Più articolata l’analisi di Massimo Andreoni, direttore scientifico Simit, la Società italiana malattie infettive: "Risulta difficile capire perché il tasso di letalità in Italia sia così elevato rispetto ad altri Paesi nel mondo. Premesso che le strategie terapeutiche utilizzate siano le stesse – afferma il noto docente dell’Università di Roma Tor Vergata – tre potrebbero essere i fattori che incidono. Primo: in Italia c’è una longevità molto avanzata. Secondo: tanti pazienti deboli ricevono cure anche in uno stato avanzato di malattia, questo permette loro di sopravvivere, ma in altri Paesi avrebbero difficoltà. Terzo fattore, infine, potrebbe dipendere dal fatto che i pazienti in Italia arrivano troppo tardi al ricovero in ambito ospedaliero".

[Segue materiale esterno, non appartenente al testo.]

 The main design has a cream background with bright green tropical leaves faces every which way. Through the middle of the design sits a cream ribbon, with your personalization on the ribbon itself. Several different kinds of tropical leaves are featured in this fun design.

Marco Tinelli, infettivologo dell’Auxologico di Milano, ritiene che a pesare sulle statistiche italiane siano proprio i decessi riferiti a pazienti sopra i 75 anni con tanti acciacchi e patologie concomitanti. "Inoltre la medicina del territorio è stata abbandonata - aggiunge Tinelli - mai integrata con il resto del sistema sanitario. Questa situazione rende più difficile diagnosi, monitoraggio e cura precoce a domicilio dei contagiati, spesso lasciati senza supporto".

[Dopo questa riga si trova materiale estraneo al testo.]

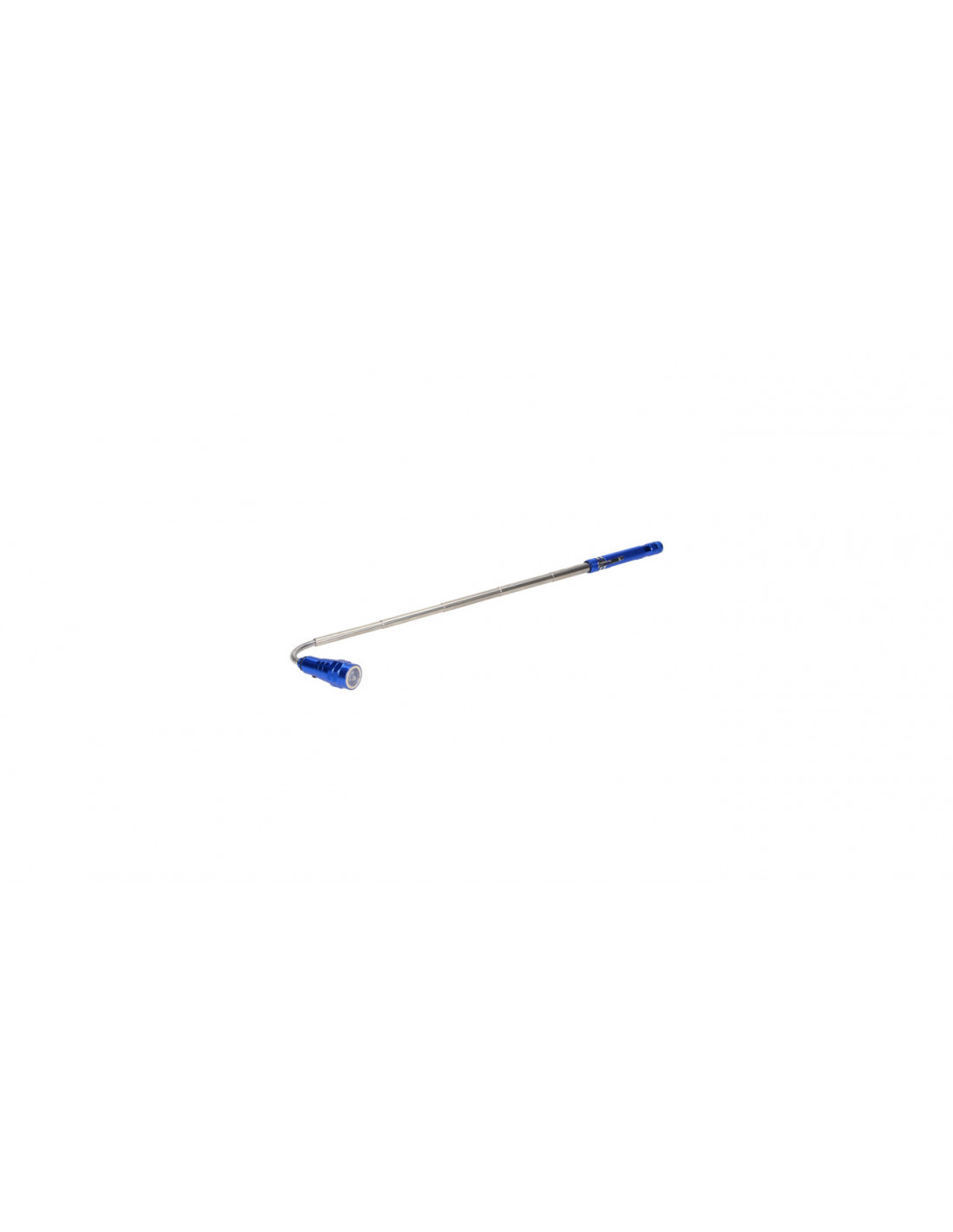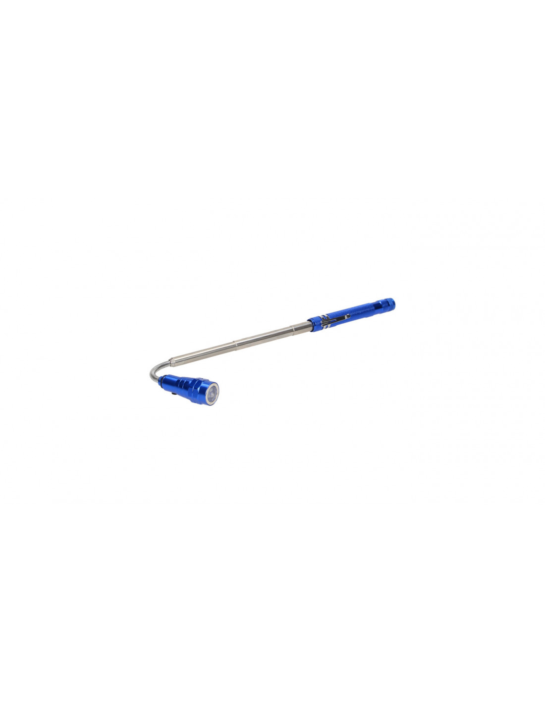 Wyjątkowo praktyczne urządzenie, które łączy w sobie latarkę i magnes, jest wręcz niezbędne w domu, garażu czy warsztacie. Źródło światła w latarce stanowią 3 mocne diody LED, które generują silne i jasne światło. Latarka daje dużo więcej światła w porównaniu do tradycyjnych a przy tym jest dużo bardziej oszczędna. Zasilana jest 4 bateriami LR44, dołączonymi do zestawu. Świeci w zasięgu do 150m. Latarka ma mocną, aluminiową konstrukcję, która zapewnia jej odporność na uderzenia i wstrząsy. Głowica latarki wygina się, a jej teleskopowe ramię można wysunąć w zakresie 17 – 57 cm. W dolnej części latarki wbudowano magnes, który możemy wykorzystać do podnoszenia śrubek i nakrętek w szczelinach lub innych trudno dostępnych miejscach

Tirato in ballo a proposito del ruolo dei medici di famiglia, Claudio Cricelli, presidente Simg (Società italiana di medicina generale) dice che i decessi sono il risultato di una malattia dal decorso lungo, diverso da caso a caso per età e genere. "Rispetto alla Fase 1 abbiamo un numero di decessi apparentemente molto alto, ma in realtà inferiore in percentuale rispetto al numero dei casi totali. Basti pensare che dalla terza settimana di settembre abbiamo avuto picchi fino a 4mila casi giornalieri a fronte delle poche migliaia di marzo-aprile. Il tasso di letalità di Covid-19 è quindi fortemente diminuito grazie all’aumento dei positivi asintomatici al radicale miglioramento dei criteri di diagnosi e tempestività delle cure". Quindi le statistiche raccontano un passato doloroso, ma il peggio ormai l’abbiamo lasciato alle nostre spalle.